A reference to a regular expression describing unit delimiter sequences. Default is qr{\s+}.

split_tagged_text()

Given a Lingua::TreeTagger::TaggedText object, return a reference to the array of units (e.g. wordforms). Optionally, return a second reference to the array of categories (e.g. lemmas).

The subroutine requires two named parameters and may take up to four of them.

tagged_text (required)

The Lingua::TreeTagger::TaggedText object to be split.

unit (required)

The Lingua::TreeTagger::Token attribute (either 'original', 'lemma', or 'tag') that should be used to build the unit array. NB: make sure the requested attribute is available in the Lingua::TreeTagger::TaggedText object!

category

The Lingua::TreeTagger::Token attribute (either 'lemma' or 'tag') that should be used to build the category array. NB: make sure the requested attribute is available in the Lingua::TreeTagger::TaggedText object!

condition

A reference to a hash specifying conditional inclusion or exclusion of tokens. The hash may have a 'mode' key, a 'logical' key and up to three keys among 'original', 'lemma', and 'tag':

mode

A string indicating whether the condition specifies which tokens should be included (value 'include') or excluded (value 'exclude'). Default value is 'include'.

logical

A string indicating whether the conditions set with the 'original', 'lemma', and 'tag' keys (see below) must all be satisfied (value 'and') or whether it suffices that one of them is satisfied (value 'or'). Default value is 'and'.

original

A regular expression specifying the 'original' attribute of tokens to be included/excluded.

lemma

A regular expression specifying the 'lemma' attribute of tokens to be included/excluded.

tag

A regular expression specifying the 'tag' attribute of tokens to be included/excluded.

DIAGNOSTICS

Missing parameter 'text' in call to subroutine split_text()

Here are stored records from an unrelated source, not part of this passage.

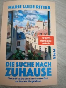 Kiinnitin välittömästi huomiota Marie Luise Ritterin kirjaan Die Suche nach Zuhause. Von der Sehnsucht nach einem Ort, an den wir hingehören (Piper 2025). Selailin ja ostin. Olisiko Marie Luise Ritterin kirjassa vastauksia itseäni askarruttaneisiin kysymyksiin, että mihin kuulun ja missä tunnen olevani kotona. Ja olenko jatkuvasti tavoittelemassa jotakin uuteen paikkaan liittyvää mielentilaa, jossa tuollainen ”zuhause” -tuntemus olisi mahdollista?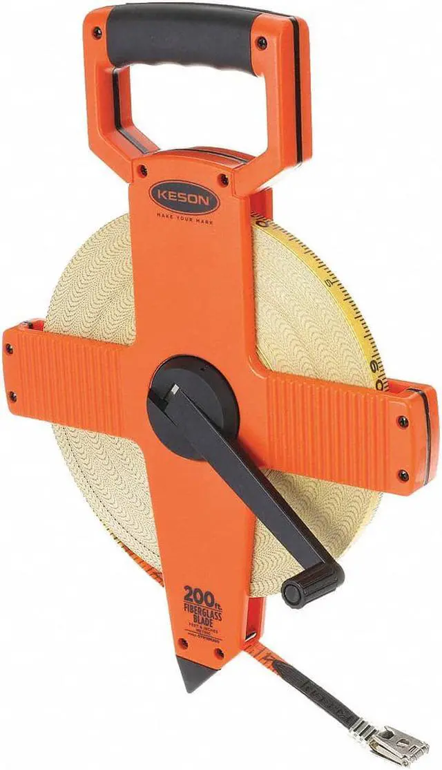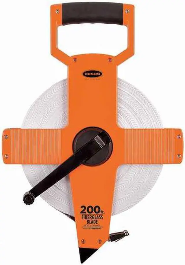 Tape Measures, Long Tape Measure, SAE/Metric, Blade Length 200 ft/60m, Blade Width 1/2 in, Graduation Type in /ft/mm, Graduations 2mm, Blade Material Fiberglass, Tip Style Folding Hook, Zero Point, Case Type Open, Case Material ABS, Belt Clip No, Blade Color Yellow/White, Case Color Pumpkin, Blade Coating Clear, Lock Type None, Rewind Type Manual, Standout Not Rated, Stud Markings Yes, Features Double Sided Graduation, Double Throat Rollers, Hook End. This item has been restricted from sale in the following state (s): []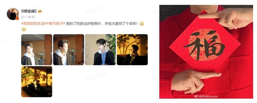 在高质量革命题材历史剧《问苍茫》中出演周总理一角的郑业成,也是在个人微博中晒出了自己新出炉的照片,以“春节搭子”的身份给大家拜个早年,帅气的脸庞与氛围感十足的照片构图,显然也是其粉丝们带来满满的福利。同为“春节搭子”的演员韩东君,也是在微博中晒出了属于自己的迎福姿势,并且邀请粉丝们将自己独特的迎福姿势分享大家,把春节的喜庆传递开来。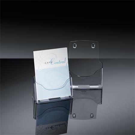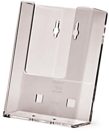 Plexi tartók szórólapokra, brosúrákra, reklámanyagokra stb. falra való rögzítéshez. Az asztali adapterrel a tartó asztalra állítható. Álló tájolás. A tároló alapkivitelben nyomat nélkül kerül szállításra.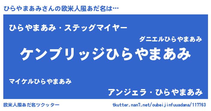 | 男性向けラノベタイトル風あだ名 | 『Re:ひらやまあみから始める異世界生活』 |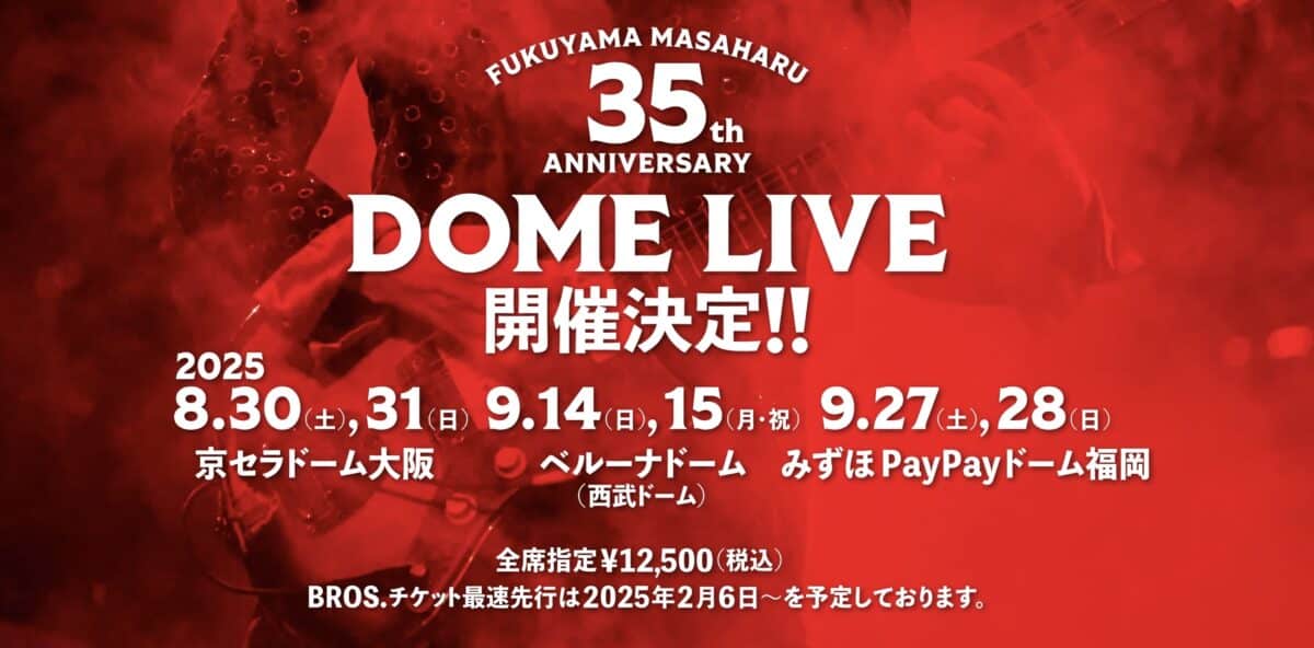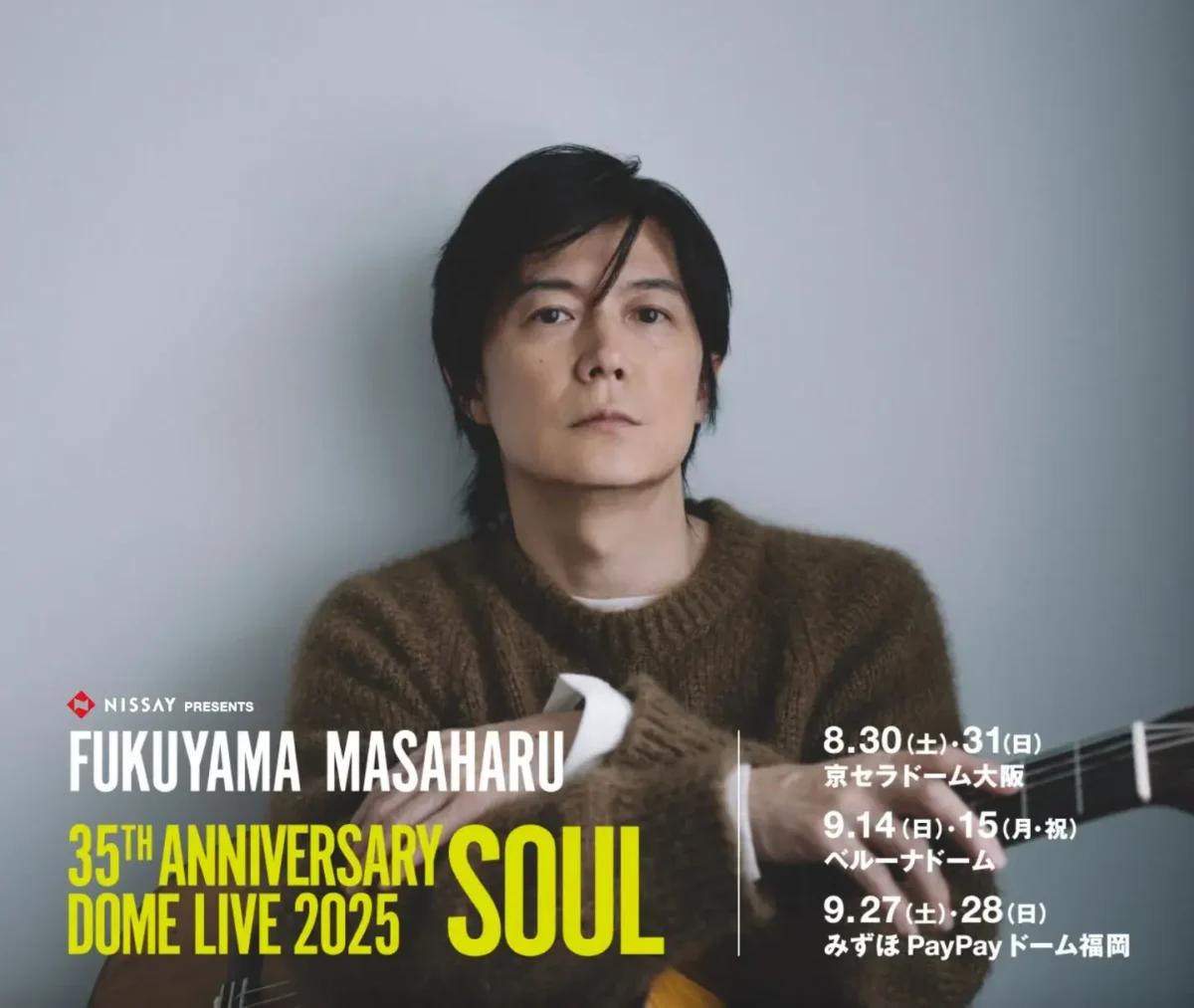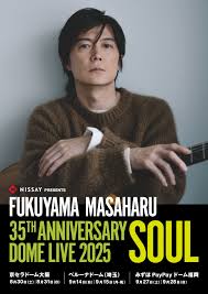 Celebrating his 35th anniversary since his debut in 1990, Masaharu Fukuyama, the iconic Japanese singer and actor, presents FUKUYAMA MASAHARU 35TH ANNIVERSARY DOME LIVE 2025 // SOUL, his first dome concert tour in seven years. This highly anticipated tour visits three major cities—Osaka, Saitama, and Fukuoka—featuring (55,000 capacity) and Mizuho PayPay Dome (~40,000 capacity), this tour is a milestone celebration of his illustrious career.

This exception is raised when subroutine split_text() is called without a parameter named 'text' (whose value should be a reference to a string).

Missing parameter 'tagged_text' in call to subroutine split_tagged_text()

This exception is raised when subroutine split_tagged_text() is called without a parameter named 'tagged_text').

Parameter 'tagged_text' in call to subroutine split_tagged_text() must be a Lingua::TreeTagger::TaggedText object

This exception is raised when subroutine split_tagged_text() is called with a parameter named 'tagged_text' whose value is not a Lingua::TreeTagger::TaggedText object.

Missing parameter 'unit' in call to subroutine split_tagged_text()

This exception is raised when subroutine split_tagged_text() is called without a parameter named 'unit').

Parameter 'unit' in call to subroutine split_tagged_text() must be either 'original', 'lemma', or 'tag'

This exception is raised when subroutine split_tagged_text() is called with a parameter named 'unit' whose value is not 'original', 'lemma', or 'tag'.

Parameter 'category' in call to subroutine split_tagged_text() must be either 'lemma' or 'tag'

This exception is raised when subroutine split_tagged_text() is called with a parameter named 'category' whose value is not 'lemma' or 'tag'.

DEPENDENCIES

This module is part of the Lingua::Diversity distribution. Some subroutines are designed to operate on Lingua::TreeTagger::TaggedText objects.

BUGS AND LIMITATIONS

There are no known bugs in this module.

Please report problems to Aris Xanthos (aris.xanthos@unil.ch)

Patches are welcome.

AUTHOR

Aris Xanthos (aris.xanthos@unil.ch)

LICENSE AND COPYRIGHT

Copyright (c) 2011 Aris Xanthos (aris.xanthos@unil.ch).

This program is released under the GPL license (see http://www.gnu.org/licenses/gpl.html).

This program is distributed in the hope that it will be useful, but WITHOUT ANY WARRANTY; without even the implied warranty of MERCHANTABILITY or FITNESS FOR A PARTICULAR PURPOSE.

SEE ALSO

Lingua::Diversity, Lingua::TreeTagger.